The answer to both questions lies in the FDA’s particular view of the world.

For drugs such as phenoxodiol that target cancer cells directly and either kill them or stop them growing, the FDA traditionally has had a very clear definition of a beneficial anti-cancer effect, and that is that the new therapy needs to increase the life-span of a cancer patient. It hasn’t been enough in the past to show that the new drug might shrink tumors or even just slow down the overall rate of tumor growth when either outcome would not occur normally with available therapies. There have been some celebrated instances in the past where an experimental drug has slowed down initial rates of tumor growth, only to see that growth return in an accelerated manner, ultimately providing no eventual survival benefit to the patient. With this experience in mind, the FDA’s view is that the only real test of efficacy is when the overall survival rate of a group of cancer patients receiving a test drug is increased compared to a control group receiving the available standard therapy. Certainly other factors such as drug safety, practicality of use, cost and the quality of life being delivered to the patient, all come into the mix, but extension of life remains a crucial part of the equation for the FDA.

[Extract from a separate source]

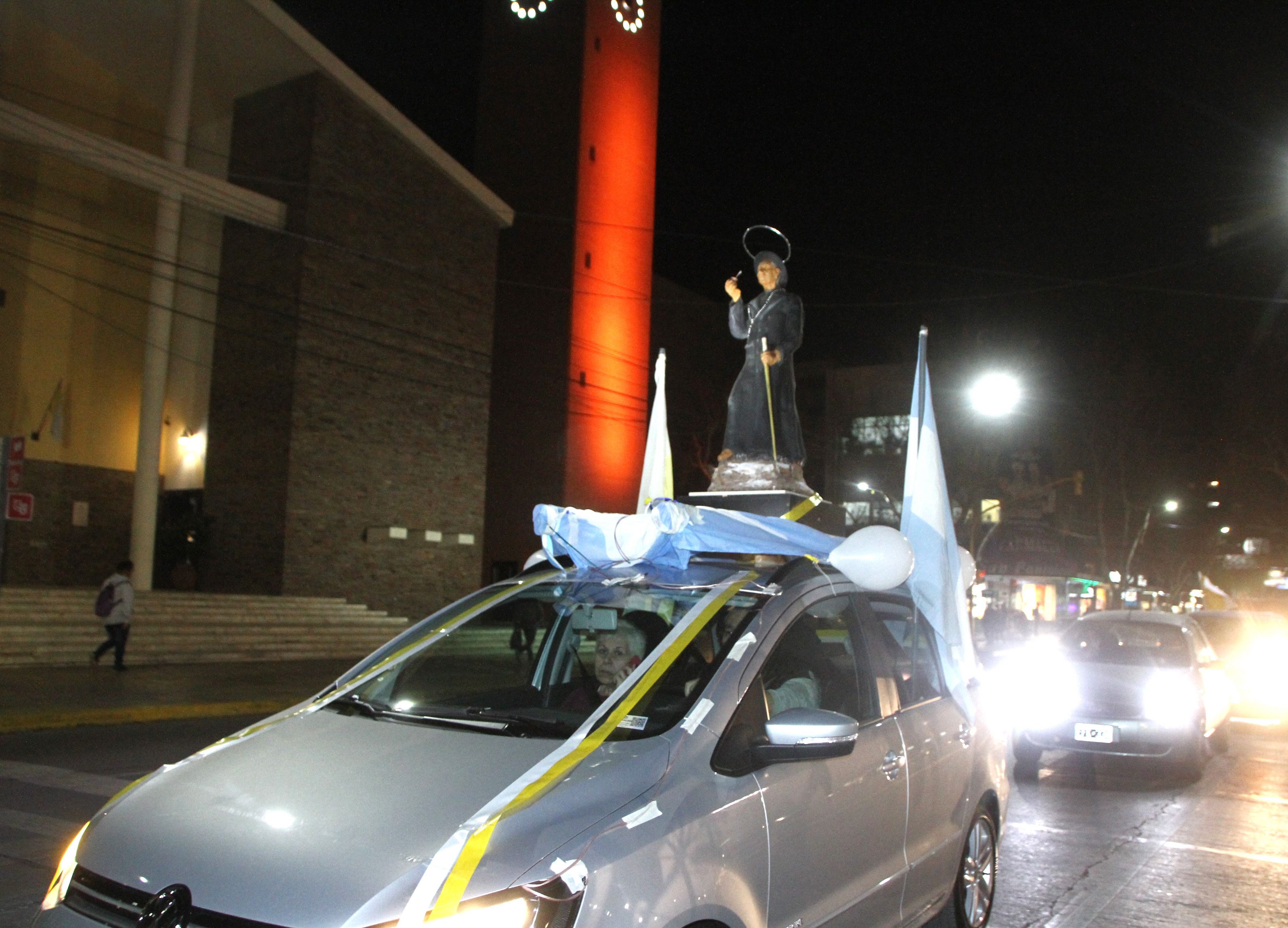 Acompañada. La imagen de Cura Brochero participó de la caravana, que llegó hasta la plaza 25 de Mayo.

This is why the great majority of clinical trials of new anti-cancer drugs are carried out in patients with end-stage disease. First, because the time required to show a survival benefit in patients with end-stage disease is a lot shorter and that minimizes trial length and study costs; second, because the FDA requires that you show a survival benefit over ‘best practice’ therapy, and for end-stage disease that generally means no other therapy; third, because the toxicity of most anti-cancer drugs leads to an understandable reluctance to expose patients with early-stage disease to serious, perhaps even life-threatening, side-effects. But even without the side-effect issue, the harsh reality is that it is much quicker and substantially cheaper to prove that a new drug prolongs the survival of a cancer patient with end-stage disease by a matter of months or even weeks, than it does to show that survival of patients with early-stage disease is extended by a matter of years.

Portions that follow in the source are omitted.